Sentiment classifier:

optimum-cli export onnx \
  --model distilbert-base-uncased-finetuned-sst-2-english \
  --task text-classification \
  ./models/sentiment

NER model:

optimum-cli export onnx \
  --model dslim/bert-base-NER \
  --task token-classification \
  ./models/ner

Available task types: - feature-extraction - For embedding models - text-classification - For sequence classification - token-classification - For token classification (NER, POS tagging, etc.)

See the HuggingFace task guide for more options.

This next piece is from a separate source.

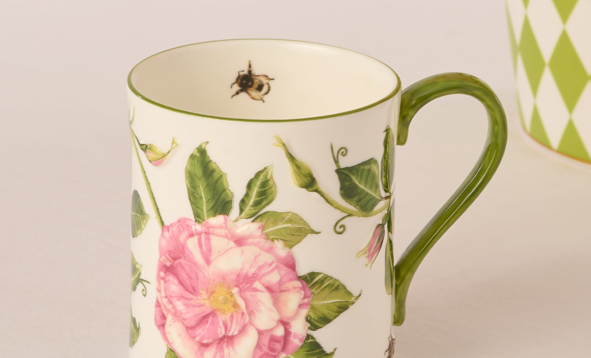 The King’s Rose Princess Mug is a fresh, distinctive take on a classic shape and design. Each mug has been modelled by hand by one of the last remaining ceramic modellers in the United Kingdom, giving exceptional depth and detail to the verdant green leaves, delicate golden bees and soft pink rosebuds and petals that adorn its surface. This intricate embossing, combined with hand-applied rose detailing makes this piece both distinctive and highly collectible.

Option B: Use a Pre-Exported Model

Some models on HuggingFace already have ONNX weights:

git clone https://huggingface.co/optimum/distilbert-base-uncased-finetuned-sst-2-english

Verify Model Structure

Your model directory should contain:

my_model/
├── config.json          # Model configuration
├── model.onnx           # ONNX weights (required)
├── tokenizer.json       # Tokenizer (required)
├── special_tokens_map.json
├── tokenizer_config.json
└── vocab.txt

Step 2: Create Configuration File

Create a YAML configuration file (e.g., config.yml):

encoderfile:
  # Model identifier (used in API responses)
  name: my-model

  # Model version (optional, defaults to "0.1.0")
  version: "1.0.0"

  # Path to model directory
  path: ./models/my-model

  # Model type: embedding, sequence_classification, or token_classification
  model_type: embedding

  # Output path (optional, defaults to ./<name>.encoderfile in current directory)
  output_path: ./build/my-model.encoderfile

  # Cache directory (optional, defaults to system cache)
  cache_dir: ~/.cache/encoderfile

  # Optional: Lua transform for post-processing
  # transform:
  #   path: ./transforms/normalize.lua

Alternative: Specify file paths explicitly:

encoderfile:
  name: my-model
  model_type: embedding
  output_path: ./build/my-model.encoderfile
  path:
    model_config_path: ./models/config.json
    model_weights_path: ./models/model.onnx
    tokenizer_path: ./models/tokenizer.json

Step 3: Build the Encoderfile

Build your encoderfile binary:

./target/release/encoderfile build -f config.yml

Or, if you installed the CLI:

encoderfile build -f config.yml

The build process will:

  1. Load and validate the configuration
  2. Check for required model files
  3. Validate the ONNX model structure
  4. Generate a Rust project with embedded assets
  5. Compile the project into a self-contained binary
  6. Output the binary to the specified path (or ./<name>.encoderfile if not specified)

Build output:

./build/my-model.encoderfile

Step 4: Test Your Encoderfile

Make the binary executable and test it:

chmod +x ./build/my-model.encoderfile

# Test with CLI inference
./build/my-model.encoderfile infer "Test input"

# Or start the server
./build/my-model.encoderfile serve

Configuration Options

For a complete set of configuration options, see the CLI Reference

Model Types

Embedding Models

For models using AutoModel or AutoModelForMaskedLM:

encoderfile:
  name: my-embedder
  path: ./models/embedding-model
  model_type: embedding
  output_path: ./build/my-embedder.encoderfile

Examples: - bert-base-uncased - distilbert-base-uncased - sentence-transformers/all-MiniLM-L6-v2

Sequence Classification Models

For models using AutoModelForSequenceClassification:

encoderfile:
  name: my-classifier
  path: ./models/classifier-model
  model_type: sequence_classification
  output_path: ./build/my-classifier.encoderfile

Examples: - distilbert-base-uncased-finetuned-sst-2-english (sentiment) - roberta-large-mnli (natural language inference) - facebook/bart-large-mnli (entailment)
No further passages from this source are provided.